_Task details_
The required output is the exact text of the lines from the line containing "Pattern made of" through the final line below, inclusive, without pictures.

_Data extracts_

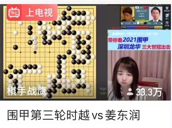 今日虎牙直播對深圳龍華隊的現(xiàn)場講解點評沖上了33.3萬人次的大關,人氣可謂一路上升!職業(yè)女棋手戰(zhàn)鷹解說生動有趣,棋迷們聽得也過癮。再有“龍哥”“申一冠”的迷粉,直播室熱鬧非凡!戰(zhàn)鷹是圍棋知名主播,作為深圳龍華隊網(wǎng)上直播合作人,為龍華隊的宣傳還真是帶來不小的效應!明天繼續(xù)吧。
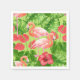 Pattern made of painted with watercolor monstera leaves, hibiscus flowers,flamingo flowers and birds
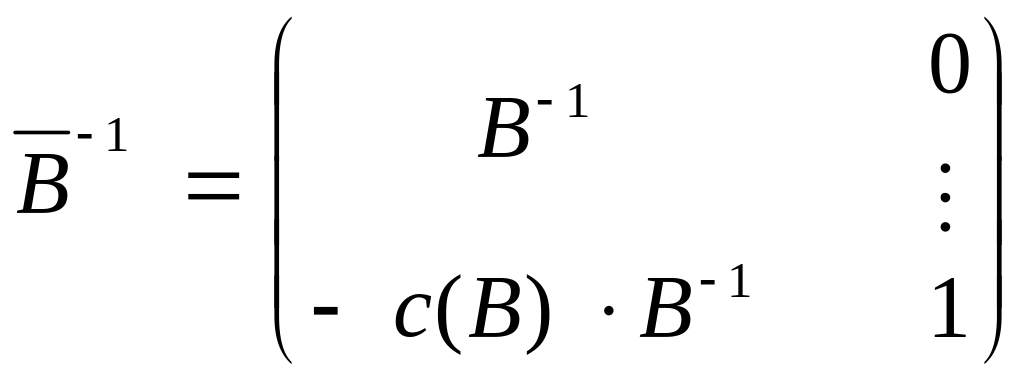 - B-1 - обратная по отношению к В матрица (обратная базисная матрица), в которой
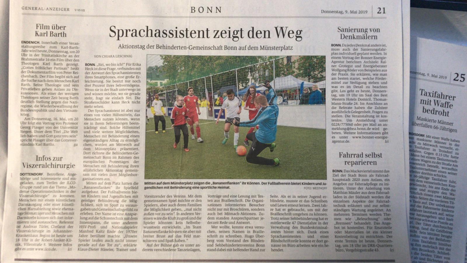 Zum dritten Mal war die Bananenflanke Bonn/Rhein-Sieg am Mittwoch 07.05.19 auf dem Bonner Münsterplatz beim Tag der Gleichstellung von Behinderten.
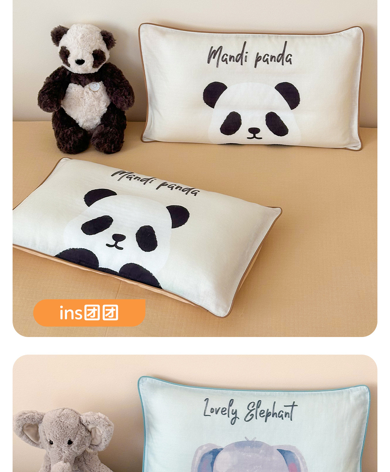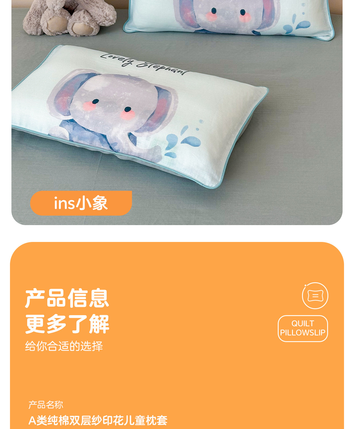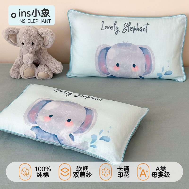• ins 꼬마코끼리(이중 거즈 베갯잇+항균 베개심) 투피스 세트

_Exercise result_
 Pattern made of painted with watercolor monstera leaves, hibiscus flowers,flamingo flowers and birds
 - B-1 - обратная по отношению к В матрица (обратная базисная матрица), в которой
 Zum dritten Mal war die Bananenflanke Bonn/Rhein-Sieg am Mittwoch 07.05.19 auf dem Bonner Münsterplatz beim Tag der Gleichstellung von Behinderten.
• ins 꼬마코끼리(이중 거즈 베갯잇+항균 베개심) 투피스 세트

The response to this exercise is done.